▸ Work to complete
A word-for-word reproduction of the data below is needed, with no pictures in it.

[Stored entries]
/---
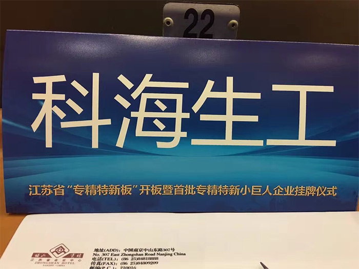 熱烈慶祝“科海生工”在江蘇省“專精特新板”首批“小巨人企業”成功掛牌
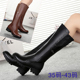秋冬新款真皮女鞋子大码中跟单靴粗跟马丁靴中筒靴子厚底妈妈棉靴
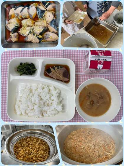 今日の給食は「ごはん、なまりぶしのしょうが煮、なめこのみそ汁、ほうれんそうのごまあえ、牛乳」でした。なまりぶしは、普段食べていないようで、「これなに?」と聞いてくる子がたくさんいました。「なまりぶしって言うよ」「もとはかつおっていう魚だよ」「かつおなんだ!」と何人かの子とやりとりしていると、「じゃあこれなに?」とおわんを指さして聞いてくる子が。「あぁ、これはなめこだよ」「これがなめこなんやぁ」つるんとした食感で好評でした。なまりぶしも食べ慣れない子が多かったのですが、よく食べてくれていました。
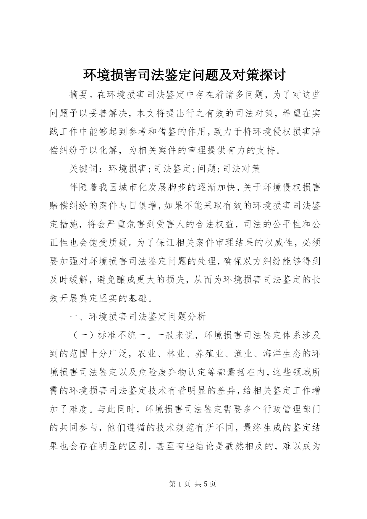 第PAGE\*Arabic\*MERGEFORMAT5页共NUMPAGES\*MERGEFORMAT5页环境损害司法鉴定问题及对策探讨摘要。在环境损害司法鉴定中存在着诸多问题,为了对这些问题予以妥善解决,本文将提出行之有效的司法对策,希望在实践工作中能够起到参考和借鉴的作用,致力于将环境侵权损害赔偿纠纷予以化解,为相关案件的审理提供有力的支持。关键词:环境损害;司法鉴定;问题;司法对策伴随着我国城市化发展脚步的逐渐加快,关于环境侵权损害赔偿纠纷的案件与日俱增,如果不能采取有效的环境损害司法鉴定
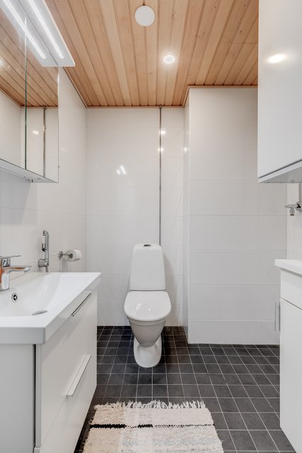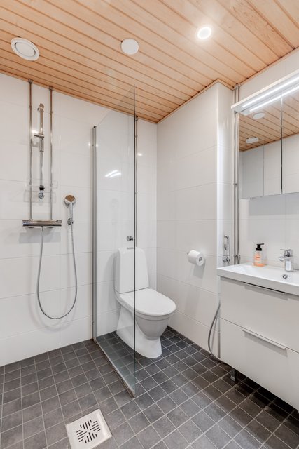 - WC-istuin, suihku, suihkuseinä, lattialämmitys, bidee-suihku, allaskaappi, peilikaappi, ja pesuallas
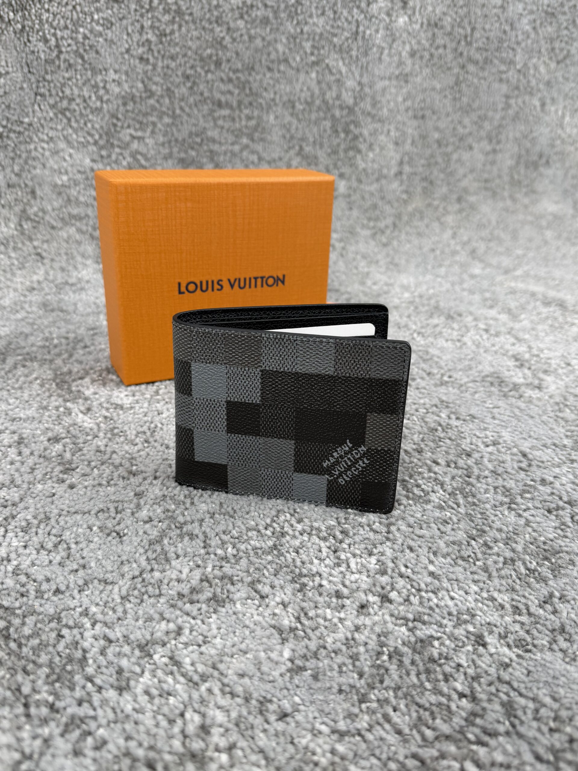 Cartera Slender confeccionada en lona Damoflage en color negro, con una reinterpretación moderna del icónico Damier Graphite mediante un diseño pixelado creado por Pharrell Williams. Su diseño delgado y elegante combina estilo contemporáneo y funcionalidad, ideal para el uso diario.
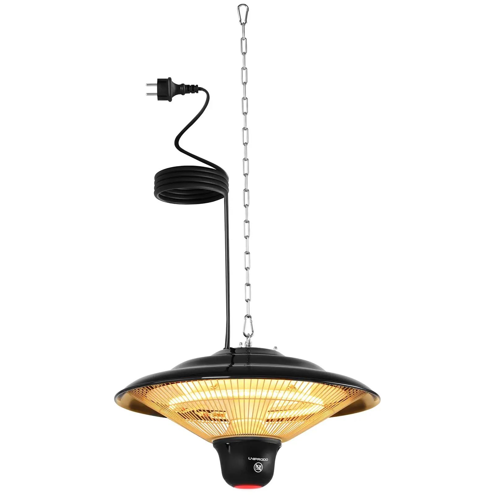 Pidennä puutarhajuhliasi tai grillikauttasi Uniprodon infrapunakattolämmittimellä! Sisällä tai ulkona: Tehokas säteilylämmitin takaa kodikkaat lämpötilat lyhyessä ajassa kuitenkaan säilytystilaa viemättä. Kattolämmitin soveltuu niin pienille terasseille kuin täysiin katukahviloihin, autotalleihin, työpajoihin sekä varastotiloihin. Kattolämmitin yhdistää tehokkaan 1500 watin tehon ja luotettavan infrapunatekniikan. Myöhäisinä tunteina tai viileämpinä vuodenaikoina viihtyisä lämpö miellyttävällä valaistuksella saadaan aikaan nopeasti. Moderni ilme teolliseen tyyliin erottuu muista säteilylämmittimistä ja luo tunnelmallisen ilmapiirin. Teräskotelo korostaa selkeää ulkomuotoa ja takaa samalla pitkän käyttöiän. Ripustettava lämmitin on helppo kiinnittää kattoon tilan säästämiseksi ja soveltuu siksi myös pienimmille terasseille tai ahtaisiin tiloihin. Virtakytkin on helposti käytettävissä milloin tahansa ja takaa säteilevän lämmittimen helpon toiminnan. Käytön aikana suojaritilä estää tahattoman kosketuksen lämmityselementin kanssa ja estää näin onnettomuuksia. Suojausluokka-IP34 suojaa terassilämmitintä pölyltä ja roiskevedeltä, ja sitä voidaan käyttää epäröimättä kaikissa sääolosuhteissa.
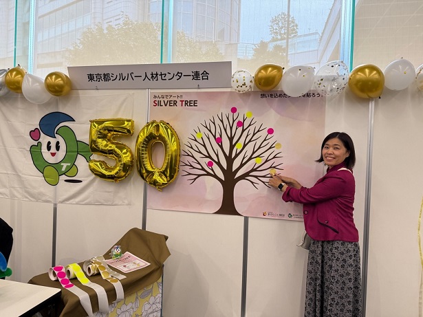 公益財団法人東京しごと財団主催の東京シルバー人材センター創設50周年記念式典が開催されました。東京都内の58センターが一堂に集結し、センターの日頃の活動の紹介や会員さんが作成した手作小物などの販売会が行われていました。創設50周年、誠におめでとうございます。
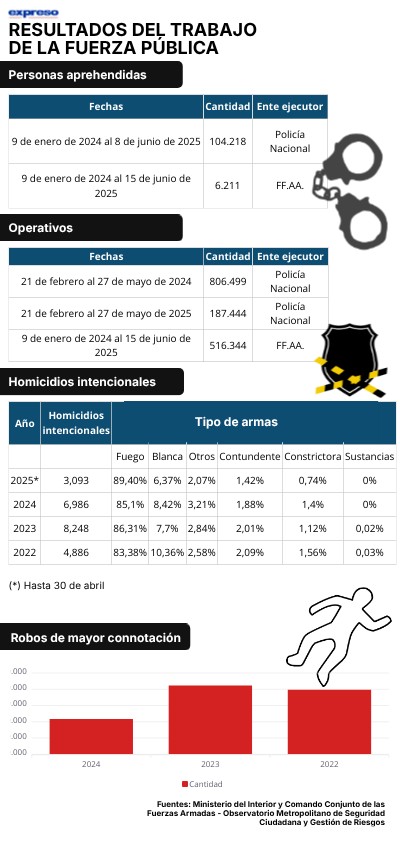 Fuentes: Ministerio del Interior y Comando Conjunto de las Fuerzas Armadas - Observatorio Metropolitano de Seguridad Ciudadana y Gestión de Riesgos
\---
▸ Response
 熱烈慶祝“科海生工”在江蘇省“專精特新板”首批“小巨人企業”成功掛牌
秋冬新款真皮女鞋子大码中跟单靴粗跟马丁靴中筒靴子厚底妈妈棉靴
 今日の給食は「ごはん、なまりぶしのしょうが煮、なめこのみそ汁、ほうれんそうのごまあえ、牛乳」でした。なまりぶしは、普段食べていないようで、「これなに?」と聞いてくる子がたくさんいました。「なまりぶしって言うよ」「もとはかつおっていう魚だよ」「かつおなんだ!」と何人かの子とやりとりしていると、「じゃあこれなに?」とおわんを指さして聞いてくる子が。「あぁ、これはなめこだよ」「これがなめこなんやぁ」つるんとした食感で好評でした。なまりぶしも食べ慣れない子が多かったのですが、よく食べてくれていました。
 第PAGE\*Arabic\*MERGEFORMAT5页共NUMPAGES\*MERGEFORMAT5页环境损害司法鉴定问题及对策探讨摘要。在环境损害司法鉴定中存在着诸多问题,为了对这些问题予以妥善解决,本文将提出行之有效的司法对策,希望在实践工作中能够起到参考和借鉴的作用,致力于将环境侵权损害赔偿纠纷予以化解,为相关案件的审理提供有力的支持。关键词:环境损害;司法鉴定;问题;司法对策伴随着我国城市化发展脚步的逐渐加快,关于环境侵权损害赔偿纠纷的案件与日俱增,如果不能采取有效的环境损害司法鉴定
 - WC-istuin, suihku, suihkuseinä, lattialämmitys, bidee-suihku, allaskaappi, peilikaappi, ja pesuallas
 Cartera Slender confeccionada en lona Damoflage en color negro, con una reinterpretación moderna del icónico Damier Graphite mediante un diseño pixelado creado por Pharrell Williams. Su diseño delgado y elegante combina estilo contemporáneo y funcionalidad, ideal para el uso diario.
 Pidennä puutarhajuhliasi tai grillikauttasi Uniprodon infrapunakattolämmittimellä! Sisällä tai ulkona: Tehokas säteilylämmitin takaa kodikkaat lämpötilat lyhyessä ajassa kuitenkaan säilytystilaa viemättä. Kattolämmitin soveltuu niin pienille terasseille kuin täysiin katukahviloihin, autotalleihin, työpajoihin sekä varastotiloihin. Kattolämmitin yhdistää tehokkaan 1500 watin tehon ja luotettavan infrapunatekniikan. Myöhäisinä tunteina tai viileämpinä vuodenaikoina viihtyisä lämpö miellyttävällä valaistuksella saadaan aikaan nopeasti. Moderni ilme teolliseen tyyliin erottuu muista säteilylämmittimistä ja luo tunnelmallisen ilmapiirin. Teräskotelo korostaa selkeää ulkomuotoa ja takaa samalla pitkän käyttöiän. Ripustettava lämmitin on helppo kiinnittää kattoon tilan säästämiseksi ja soveltuu siksi myös pienimmille terasseille tai ahtaisiin tiloihin. Virtakytkin on helposti käytettävissä milloin tahansa ja takaa säteilevän lämmittimen helpon toiminnan. Käytön aikana suojaritilä estää tahattoman kosketuksen lämmityselementin kanssa ja estää näin onnettomuuksia. Suojausluokka-IP34 suojaa terassilämmitintä pölyltä ja roiskevedeltä, ja sitä voidaan käyttää epäröimättä kaikissa sääolosuhteissa.
 公益財団法人東京しごと財団主催の東京シルバー人材センター創設50周年記念式典が開催されました。東京都内の58センターが一堂に集結し、センターの日頃の活動の紹介や会員さんが作成した手作小物などの販売会が行われていました。創設50周年、誠におめでとうございます。
 Fuentes: Ministerio del Interior y Comando Conjunto de las Fuerzas Armadas - Observatorio Metropolitano de Seguridad Ciudadana y Gestión de Riesgos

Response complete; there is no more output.